Implementation:Microsoft Onnxruntime CUDA TrainingConcat
| Knowledge Sources | |
|---|---|
| Domains | Training, CUDA_Kernels |
| Last Updated | 2026-02-10 04:00 GMT |
Overview
Concrete tool for concatenating tensors along an axis with per-input length output in the ONNX Runtime CUDA training framework.
Description
Implements the ConcatTraining operator for CUDA that extends the standard concat with an additional output providing per-input lengths along the concatenation axis (useful for the gradient of split). The implementation uses optimized GPU kernels: ConcatSameConcatDimImpl when all inputs have the same size along the concat axis (with a fast path for 32 or fewer inputs passing pointers by value), and ConcatImpl for variable-size inputs. Input pointers and metadata are transferred to GPU via CudaAsyncBuffer. The per_input_length output tensor contains the size of each input along the concatenation axis and is placed in CPU memory.

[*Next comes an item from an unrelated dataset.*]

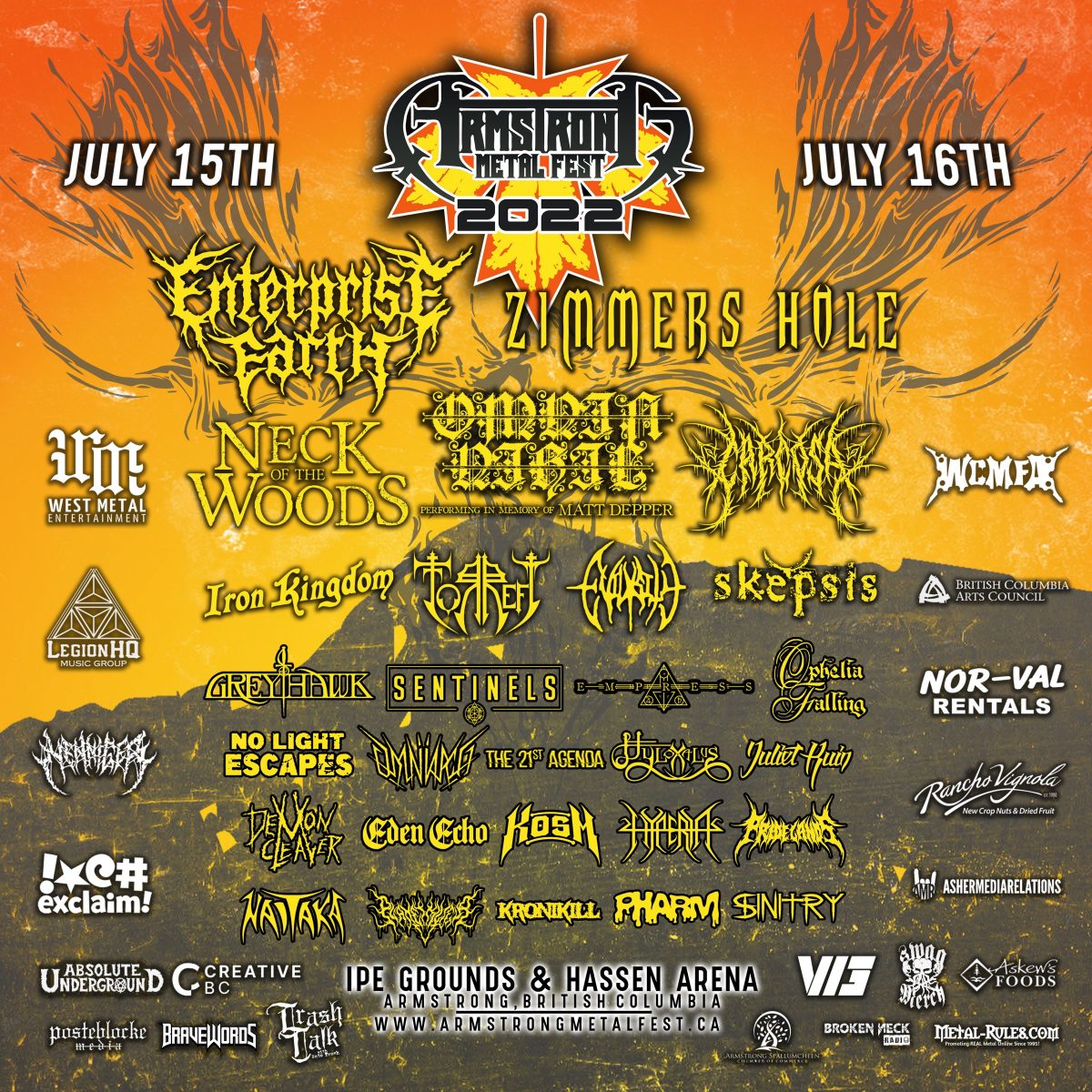 Since 2009 (minus pause years 2020 and 2021 due to the Covid pandemic), West Metal Entertainment and Armstrong Metalfest have not only fostered the talent of hundreds of local bands, but have imported well-known, international acts to the quiet, little Canadian town of Armstrong, British Columbia.
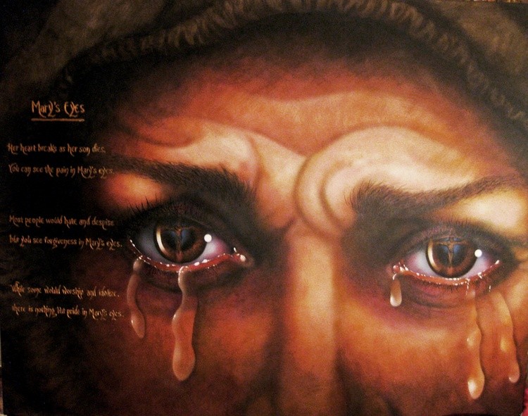 This is a 48x60 gallery wrap canvas. I painted it with acrylic paint using traditional brushes as well as an airbrush. The gold, raised poem on the left hand side reads; Her heart breaks as her son dies, you can see the pain in Mary's eyes. Most people would hate and despise, but you see forgiveness in Mary's eyes. While some would worship and idolize, there is nothing but pride in Mary's eyes.

Supports all fixed-size tensor types.
Usage
Invoked during training forward pass where tensor concatenation is needed, with the per-input-length output consumed by the corresponding SplitTraining gradient operator.
Code Reference
Source Location
- Repository: Microsoft_Onnxruntime
- File: orttraining/orttraining/training_ops/cuda/tensor/concat.cc
- Lines: 1-119
Signature
class ConcatTraining : public CudaKernel {
Status ComputeInternal(OpKernelContext* ctx) const;
};
Import
#include "orttraining/training_ops/cuda/tensor/concat.h"
I/O Contract
Inputs
| Name | Type | Required | Description |
|---|---|---|---|
| inputs | Tensor(T)... | Yes | Variadic input tensors to concatenate |
Outputs
| Name | Type | Description |
|---|---|---|
| output | Tensor(T) | Concatenated output tensor |
| per_input_length | Tensor(int64_t) | Per-input size along concatenation axis (CPU memory) |
Usage Examples
ONNX_OPERATOR_KERNEL_EX(ConcatTraining, kMSDomain, 1, kCudaExecutionProvider,
(*KernelDefBuilder::Create())
.OutputMemoryType(OrtMemTypeCPUInput, 1)
.TypeConstraint("T", DataTypeImpl::AllFixedSizeTensorTypes()),
ConcatTraining);